Facebook, You Are A Hundred Awesome
One of the roughly ho-jillion reasons that I love Facebook (MySpace, not so much: sort of annoying and adolescent) is the ability to re-connect with people I lost touch with years ago.
Interestingly enough, the majority of my Facebook friends are people I met at church camp. Yes, I did indeed go to church camp, for four years and then a fifth year as a staff member. Church camp, when you're 14, is a fully-parentally-sanctioned place to meet boys. There's a lot of hugging, and hormones, and lots of excuses to take pictures and exchange phone numbers with the boys you like the best. It's a weird place, and the fact that it's only a week long once a year makes it a far more heightened atmosphere than high school, which is in some ways the same but with the same people all year. That heightened atmosphere led to some intense friendships--it's when you make the friends who you don't think you can live without, friends who you think will always be your best friends.
Then there's college, which is its own kind of heightened atmosphere in itself. You're losing touch with all those high school and church camp friends and making different friends, and there's the added freedom of being away from home, and testing boundaries that you never had the opportunity or the nerve to test before. Those friends are a different breed of friends than the church camp friends, a more sophisticated sort of thinking you can't live without someone. Still, you're in the process of becoming more yourself, and you've got a bigger pool of people to choose your friends from, and those friends begin to replace your other friends--if not in your mind, certainly in your daily schedule and the forefront of your mind.
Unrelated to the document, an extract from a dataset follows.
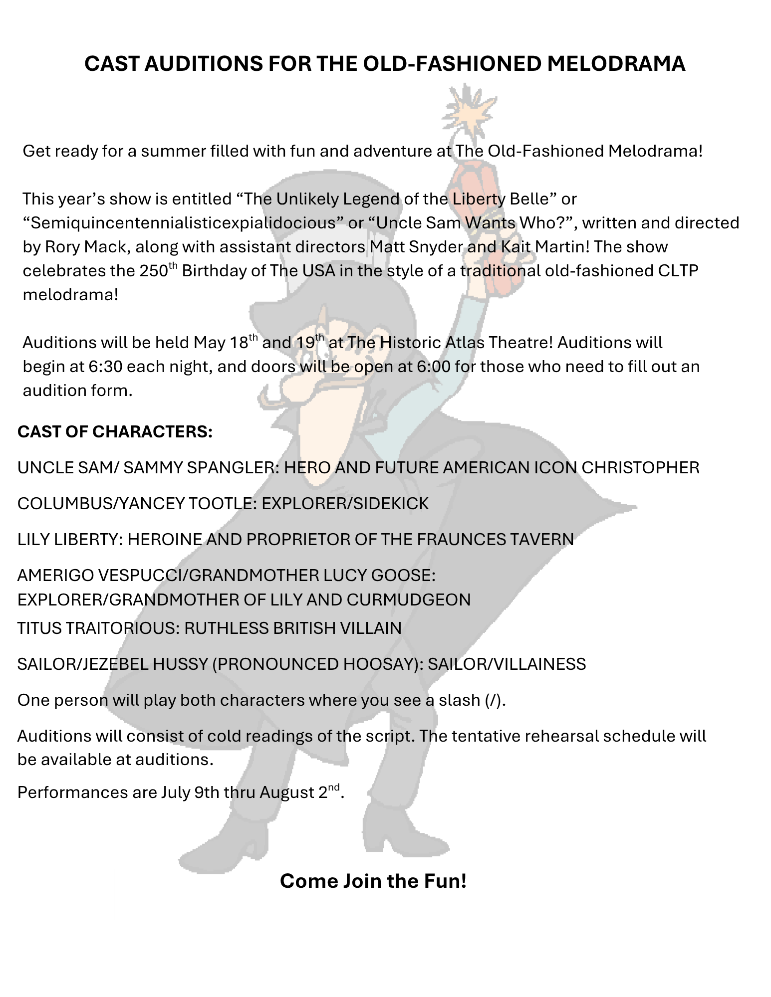 Audition Notice: The 70th Old-Fashioned Melodrama

There's something about the people who knew you half a lifetime ago. You know their secrets--how one person lost their virginity, how another person got arrested for public nudity, an abortion somebody had, how someone had their heart broken by someone else (of the same sex, but you're really the only one who knows that.) And they're the people who know your secrets, the things you never meant to tell anyone but that just came out, and they never told anyone. You're grateful for having somewhere for all those secrets to go and die, and relieved that somebody knows you this well without ever having to recount your secrets for them, and thankful for the bond of knowing that they know, and knowing that they know you know. You won't ever have someone who knows you this well again until you meet the person you marry (or, if that's not a possibility for you, the person you decide to spend your life with.)
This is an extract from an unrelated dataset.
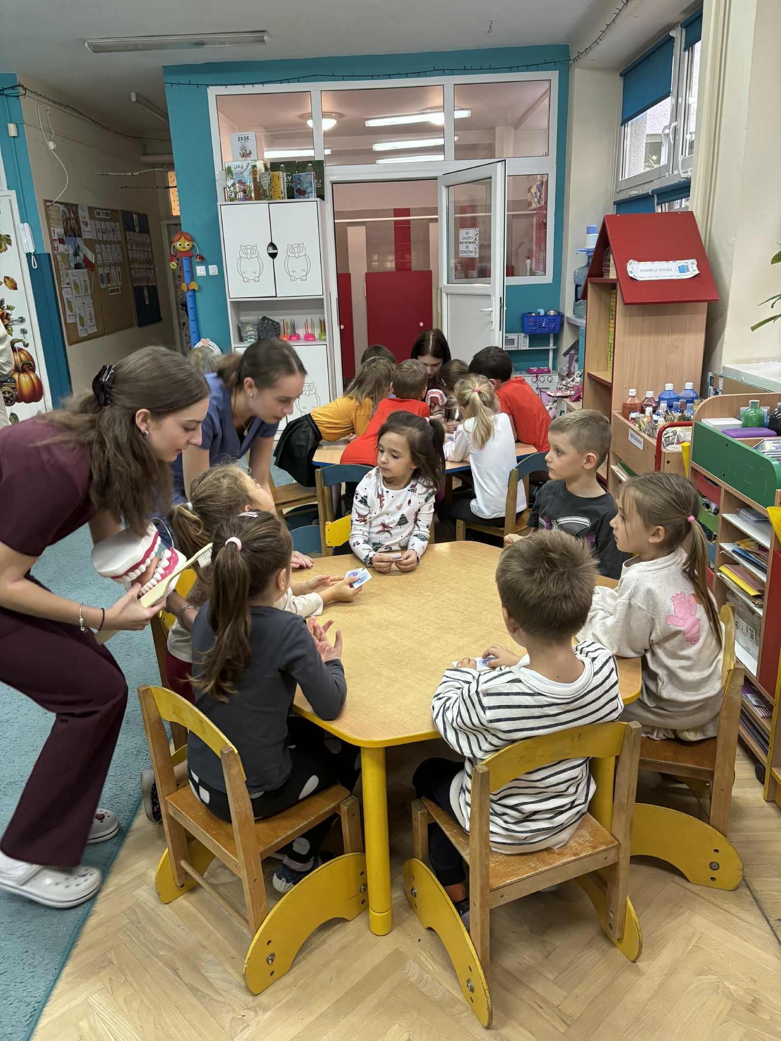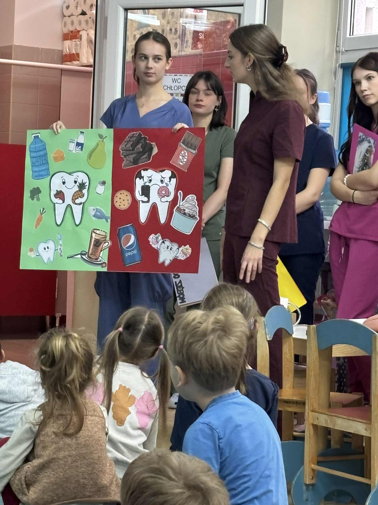 Podczas spotkania dzieci obejrzały plakaty przedstawiające budowę zębów oraz dowiedziały się, co szkodzi zębom, a co pomaga utrzymać je w dobrej kondycji. Wolontariusze wyjaśnili, dlaczego warto ograniczać słodycze, unikać napojów gazowanych i regularnie odwiedzać dentystę.

Somehow, this just isn't the kind of friend you make after the age of about 20. You're old enough, at that point, to recognize the transient quality of life, that friends will probably float in and out of your life and be replaced by things like spouses and kids and houses and jobs. Your secrets will seem less dramatic. There will be simple considerations like you don't have the kind of time to have four-hour phone conversations with your camp friends in which you tell them the first name of every boy you ever kissed, or you live too far away to sit on the front steps of the student newspaper with your college suitemate smoking cigarettes and talking about boys. Also, you both quit smoking, which was of course the prudent thing to do.
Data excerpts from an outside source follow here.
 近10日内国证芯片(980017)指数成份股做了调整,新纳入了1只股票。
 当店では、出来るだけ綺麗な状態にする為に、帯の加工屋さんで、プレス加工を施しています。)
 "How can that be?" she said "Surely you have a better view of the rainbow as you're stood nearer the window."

Facebook is a way to reconnect with the people who knew you that way. There just aren't enough phone books in the world, and there's something awkward about calling up your best camp friend from 20 years earlier: "It's me! No, a different me...from...um..."
I love Facebook because it just reminds of the smallness of the world.
This morning, I had a message from another camp friend. She and her husband (who was yet another camp friend of mine; I was there when they met) moved to Brussels last fall, but the great shock was that they moved there from Greenbelt, Maryland--fifteen minutes from where I live. I was shocked, and a little sad, that they were so close all this time, and now they've moved away. I've thought of them so many times in the last few years, and they have a daughter who, I think, looks close to Max's age. I wish I'd known that sooner.